We had used to option of ‘password’ when Cloudera asked us how it will login into the nodes (this is why we mention that make all root passwords same — ‘cloudera’ in our case). We also used the option of ’embedded Dbs’, it means that we did not install any PostGres or MySql databases on our own but we let Cloudera do that for us and we simply noted down the username, password, port numbers, etc. These are needed to serve as meta data holding databases for things like Impala, Hive, etc. Other than this we chose to install ‘Custom Services’ because we faced some problem installing Spark and we learned later that it was due to some known issue in which we had to transfer a jar file from spark folder into HDFS. So, chose not to install Spark right away. We can anyways do it later. So, we went for the installation of HDFS, Impala, Sqoop2, Hive, YARN, Zookeeper, OOzie, HBase and Solr.

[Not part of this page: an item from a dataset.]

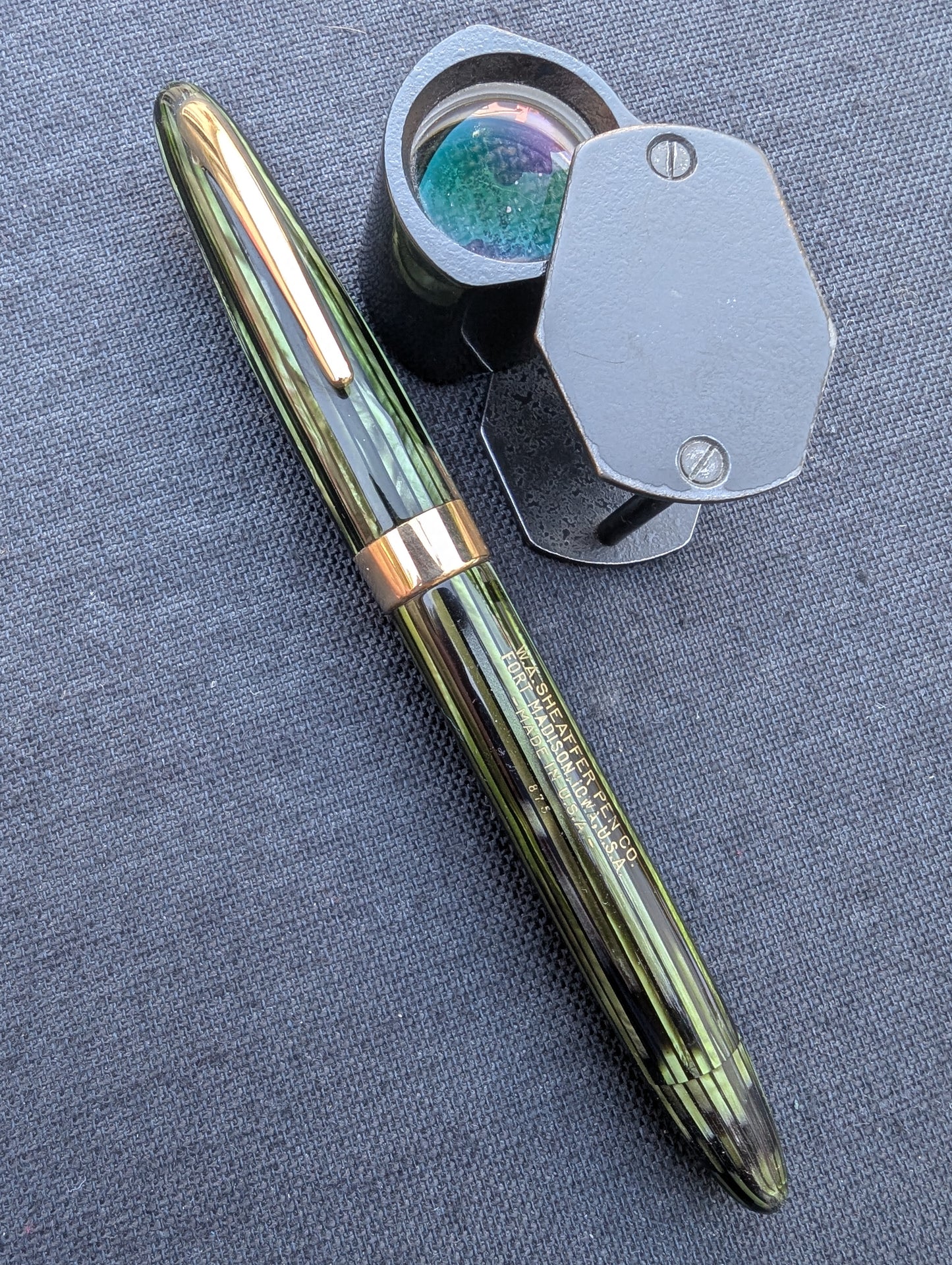 Esta pluma salió de la fábrica Sheaffer en Ft. Madison, Iowa, como una Sovereign con una punta fina. Esto se indica mediante el código de precio 875 debajo de la impresión del cuerpo que indica el precio de venta de $8,75.

One problem we faced was that even though we had told Cloudera that we have our own Java installed still it went ahead and installed it’s own java on our machine and used it’s path instead of our. For this, go to Cloudera Manager home page, click on the ‘Hosts’ tab, click on ‘Configuration’, go to ‘Advanced’ — there you will find an entry by the name ‘Java Home Directory’ and change the path to point to the path of your installation. In our case, we pointed it to ‘/usr/java/jdk1.7.0_71’.
Another thing I’d like to mention is that the CM web UI has some bugs. For example, when trying to re-configure the services we wanted to install, even though we had deselected a few services, it would still show them for installation. For this we had to simply delete the cluster and restart the whole process. In fact, we deleted and made the cluster many times during our cluster setup! So, don’t be afraid of this — go ahead and delete the whole cluster and re-do if you’re facing issues. Also, please restart the machines and the cluster many times (or when in doubt), you never know when something is not reflecting the latest changes.

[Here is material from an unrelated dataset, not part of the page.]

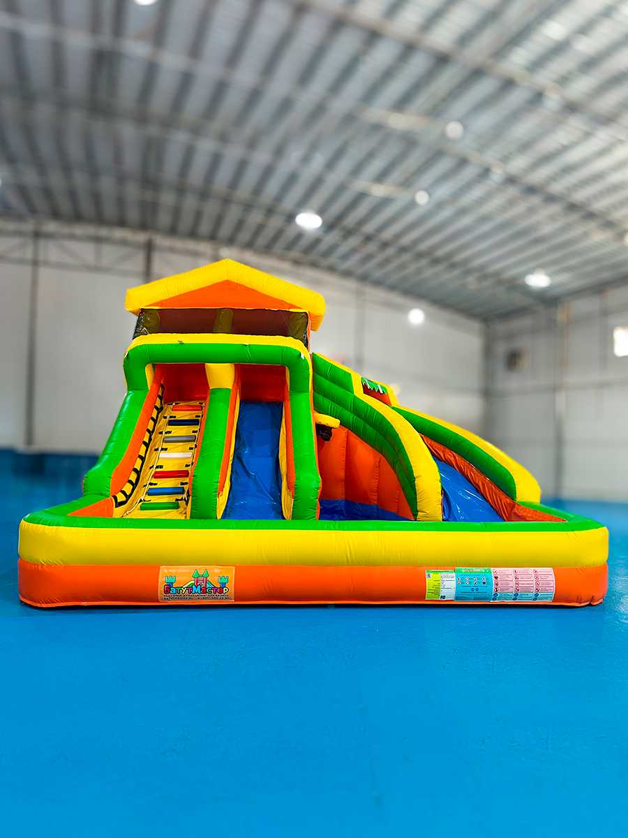 «Домик на пляже» — это уникальный батут с бассейном и водной горкой, который переносит детей в атмосферу морского веселья и яркого лета. Размеры 5x5x4 м делают его компактным, но при этом достаточно вместительным для активных игр группы детей. Идеальное решение для бизнеса в сфере детских развлечений.

Our namenode directory points to /dfs/nn2 in the hdfs rather than the default /dfs/nn, because for some reason, our /dfs/nn was corrupted when we had tried to move a Spark assembly file to hdfs and it prevented the namenode to get formatted (even though we tried to delete this file).

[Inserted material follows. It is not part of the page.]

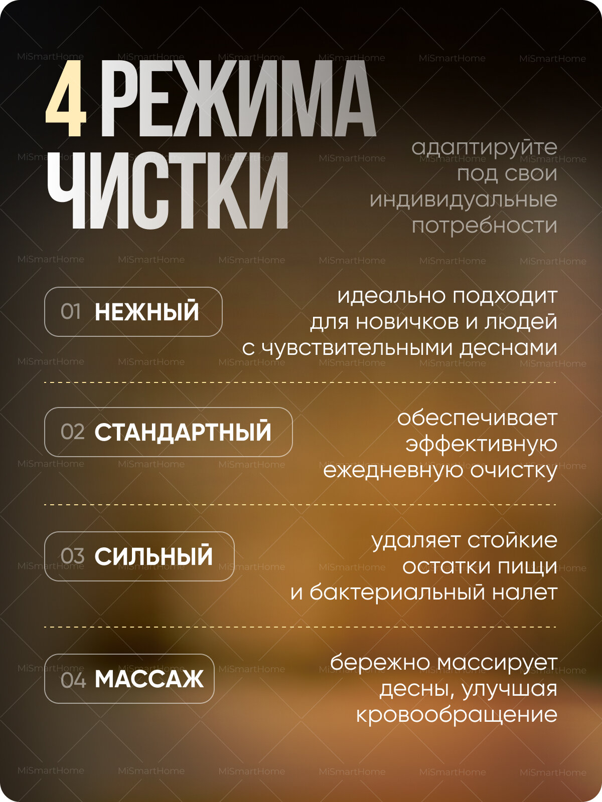 | Число режимов/регулировок ирригатора | 4 |

I’d also like to mention that we also changed the node wise configuration suggested by Cloudera. Basically, it was suggesting that we make n33.biginsights.com as our namenode (even though there was no reason for this). Now Cloudera had installed on the machine from where we were running the cloudera manager. So, to avoid any issues, we just made sure that n37.biginsights.com has all the services that Cloudera was suggesting for 33. Basically, we reversed the roles for 33 and 37!
As if now, our cluster is up and running. There might still be some glitches because we haven’t verified the cluster by running anything. I’ll post the changes we make as we make them.